In inference, we’re going to use something called sample moments. The \(k^{th}\) sample moment is defined as:

\[\hat{\mu}_k = \frac{1}{n} \sum_{i=1}^n X^k_i\]

Where \(\hat{\mu}_k\) is the \(k^{th}\) sample moment (remember, we put a hat on things when we mean they are estimating something else. Here, \(\hat{\mu}_k\) is estimating the same thing without a hat: \(\mu_k\), or the \(k^{th}\) moment).

Let’s break this down. This is basically saying that if we want \(\mu_k\), or \(E(X^k)\) (they are the same thing), just take a sample of \(n\) people, raise each of their values to the \(k\), add them up and divide by the number of individuals in the sample (\(n\)). If you wanted to estimate the fourth moment for the weight of college males, you would take a sample of some college males, raise each of their weights to the power of 4 and divide by the number of people you sampled.
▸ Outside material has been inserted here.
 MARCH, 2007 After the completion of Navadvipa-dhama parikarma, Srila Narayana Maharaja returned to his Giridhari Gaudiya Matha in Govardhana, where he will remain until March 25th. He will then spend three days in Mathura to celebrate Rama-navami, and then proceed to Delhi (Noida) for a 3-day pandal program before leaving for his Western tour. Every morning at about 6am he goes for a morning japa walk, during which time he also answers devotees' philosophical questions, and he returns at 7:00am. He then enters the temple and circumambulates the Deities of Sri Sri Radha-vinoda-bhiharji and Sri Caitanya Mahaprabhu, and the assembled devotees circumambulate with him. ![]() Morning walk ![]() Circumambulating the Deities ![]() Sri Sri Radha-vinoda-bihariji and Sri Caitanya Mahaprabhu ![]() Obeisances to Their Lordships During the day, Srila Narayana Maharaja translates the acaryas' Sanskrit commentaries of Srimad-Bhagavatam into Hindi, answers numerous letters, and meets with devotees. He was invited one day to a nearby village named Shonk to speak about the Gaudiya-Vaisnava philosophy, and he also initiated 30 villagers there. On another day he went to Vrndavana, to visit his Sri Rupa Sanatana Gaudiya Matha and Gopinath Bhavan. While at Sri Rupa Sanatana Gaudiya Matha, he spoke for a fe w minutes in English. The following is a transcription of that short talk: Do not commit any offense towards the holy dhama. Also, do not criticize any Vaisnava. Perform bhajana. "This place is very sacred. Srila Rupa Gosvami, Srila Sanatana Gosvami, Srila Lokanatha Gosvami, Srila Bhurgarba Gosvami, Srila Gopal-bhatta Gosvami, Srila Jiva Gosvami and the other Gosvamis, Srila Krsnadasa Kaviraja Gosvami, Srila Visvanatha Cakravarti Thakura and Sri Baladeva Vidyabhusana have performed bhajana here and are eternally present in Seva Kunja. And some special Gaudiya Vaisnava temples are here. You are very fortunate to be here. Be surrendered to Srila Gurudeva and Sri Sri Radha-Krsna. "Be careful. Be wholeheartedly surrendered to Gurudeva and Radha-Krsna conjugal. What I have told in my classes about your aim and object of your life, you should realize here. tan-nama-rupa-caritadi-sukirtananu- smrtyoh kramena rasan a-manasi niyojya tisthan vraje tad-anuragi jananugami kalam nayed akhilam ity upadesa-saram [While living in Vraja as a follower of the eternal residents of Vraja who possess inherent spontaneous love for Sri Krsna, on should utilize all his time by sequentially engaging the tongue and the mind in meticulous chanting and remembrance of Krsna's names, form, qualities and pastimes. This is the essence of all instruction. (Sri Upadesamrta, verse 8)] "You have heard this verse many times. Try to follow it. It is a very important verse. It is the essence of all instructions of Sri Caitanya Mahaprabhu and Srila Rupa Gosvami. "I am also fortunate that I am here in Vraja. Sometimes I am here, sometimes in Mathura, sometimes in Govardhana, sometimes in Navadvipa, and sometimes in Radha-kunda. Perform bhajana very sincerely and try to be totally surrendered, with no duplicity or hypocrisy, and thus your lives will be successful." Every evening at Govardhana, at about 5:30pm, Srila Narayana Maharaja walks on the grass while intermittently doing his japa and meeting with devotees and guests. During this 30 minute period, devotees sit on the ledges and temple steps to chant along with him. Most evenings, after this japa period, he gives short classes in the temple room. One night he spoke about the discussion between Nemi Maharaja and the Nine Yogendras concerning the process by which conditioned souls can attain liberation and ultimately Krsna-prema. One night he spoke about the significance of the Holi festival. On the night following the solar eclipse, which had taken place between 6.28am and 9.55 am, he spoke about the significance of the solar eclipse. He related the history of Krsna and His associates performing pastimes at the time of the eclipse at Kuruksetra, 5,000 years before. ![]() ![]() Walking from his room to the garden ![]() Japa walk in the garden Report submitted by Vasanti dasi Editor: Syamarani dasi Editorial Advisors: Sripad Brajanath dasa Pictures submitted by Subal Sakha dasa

Does this make sense? Well, consider the case where \(k = 1\), or \(\mu\). This is, of course, just the mean of a distribution. The sample moment for this first moment is given by:

\[\frac{1}{n} \sum_{i=1}^n X_i\]

Which we got by just plugging in \(k=1\) to the above formula for sample moments. Hey-o, that’s the sample mean, or what we’ve long-established is the natural estimator for the true mean! You can see how this builds, then, as we get to higher and higher moments.

Anyways, the takeaway here is that we use sample moments to estimate the actual moments of a distribution. That’s great, and we would be finished if we were asking you to estimate moments of a distribution. However, you’re rarely asked to estimate actual moments; instead, as you’ve seen, you’re generally asked to estimate parameters of a distribution.
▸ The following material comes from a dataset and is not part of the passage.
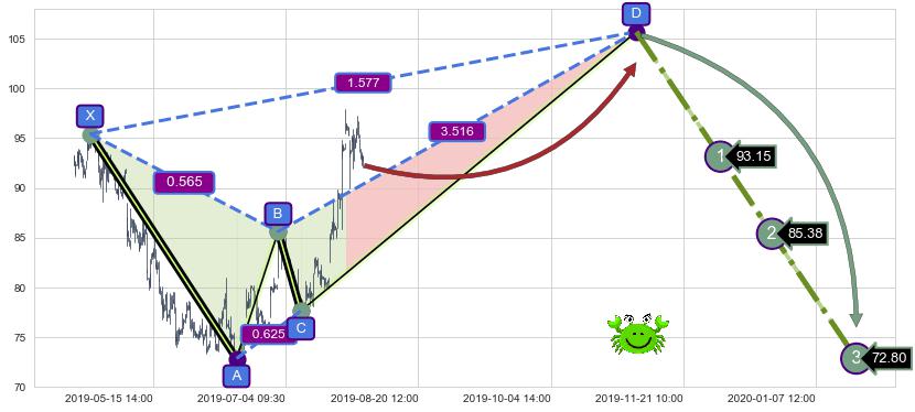 ➢ 距离预测D点位置有足够的上涨空间, 与看跌【螃蟹】形态相反,实际方向【看涨】

So, we know that we can estimate moments with sample moments, and we know that we want to estimate parameters. How can we use these two facts to get what we want; a solid estimate for the parameters? Well, if we can write the parameters of a distribution in terms of that distribution’s moments, and then simply estimate those moments in terms of the sample moments, then we have created an estimator for the parameter in terms of the sample moment.

Whoa…that’s a little crazy, and probably too much of a mouthful right now. Let’s try and learn this with a solid example of the most famous statistical distribution: the Normal.
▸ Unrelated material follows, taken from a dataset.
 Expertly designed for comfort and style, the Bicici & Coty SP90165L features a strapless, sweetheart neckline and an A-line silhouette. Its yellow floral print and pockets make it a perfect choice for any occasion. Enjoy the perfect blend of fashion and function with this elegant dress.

If we’re doing estimation for a Normal, that means that we believe the underlying model for some real world data is Normal. For example, we might believe that eyelash length for men in Massachusetts is normally distributed. If we want to carry out inference, we have to estimate the parameters; here, the parameters of a Normal distribution are the mean and the variance. So, for this inferential exercise, we have to estimate the mean and the variance.

We already know, from what we learned earlier, that we have natural estimates for the moments of the Normal distribution. What we’re going to do, then, is try and write the moments of a Normal in terms of the parameters (the mean and variance). We only need to write out the first two moments, \(E(X)\) and \(E(X^2)\), since we have to parameters (in general, if you have \(k\) parameters that you want to estimate, you need to write out \(k\) moments).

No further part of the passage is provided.